■ **YOUR ASSIGNMENT**:
Only one stretch of the listing below is wanted. Give it again exactly, from the line with "海边情侣的甜蜜夜晚七夕情人节浪漫约会" through the line with "An anonymous and".

■ **THE DATA**:
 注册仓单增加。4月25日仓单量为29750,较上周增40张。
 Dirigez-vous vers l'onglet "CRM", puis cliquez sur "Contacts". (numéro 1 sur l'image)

==

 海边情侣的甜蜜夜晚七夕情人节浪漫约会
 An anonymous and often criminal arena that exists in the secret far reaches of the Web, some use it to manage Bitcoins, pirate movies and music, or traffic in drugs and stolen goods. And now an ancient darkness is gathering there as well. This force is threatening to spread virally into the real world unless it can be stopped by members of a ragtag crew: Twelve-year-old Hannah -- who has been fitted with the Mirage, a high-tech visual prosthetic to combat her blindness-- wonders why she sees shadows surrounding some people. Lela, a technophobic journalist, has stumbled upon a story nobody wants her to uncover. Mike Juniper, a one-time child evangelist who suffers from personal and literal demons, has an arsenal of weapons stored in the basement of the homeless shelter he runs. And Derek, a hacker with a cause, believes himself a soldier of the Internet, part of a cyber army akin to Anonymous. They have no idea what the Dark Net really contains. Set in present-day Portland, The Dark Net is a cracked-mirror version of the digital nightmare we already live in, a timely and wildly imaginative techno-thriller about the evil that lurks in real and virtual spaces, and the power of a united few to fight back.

■ **REPLY TO THE TASK**:
 海边情侣的甜蜜夜晚七夕情人节浪漫约会
 An anonymous and often criminal arena that exists in the secret far reaches of the Web, some use it to manage Bitcoins, pirate movies and music, or traffic in drugs and stolen goods. And now an ancient darkness is gathering there as well. This force is threatening to spread virally into the real world unless it can be stopped by members of a ragtag crew: Twelve-year-old Hannah -- who has been fitted with the Mirage, a high-tech visual prosthetic to combat her blindness-- wonders why she sees shadows surrounding some people. Lela, a technophobic journalist, has stumbled upon a story nobody wants her to uncover. Mike Juniper, a one-time child evangelist who suffers from personal and literal demons, has an arsenal of weapons stored in the basement of the homeless shelter he runs. And Derek, a hacker with a cause, believes himself a soldier of the Internet, part of a cyber army akin to Anonymous. They have no idea what the Dark Net really contains. Set in present-day Portland, The Dark Net is a cracked-mirror version of the digital nightmare we already live in, a timely and wildly imaginative techno-thriller about the evil that lurks in real and virtual spaces, and the power of a united few to fight back.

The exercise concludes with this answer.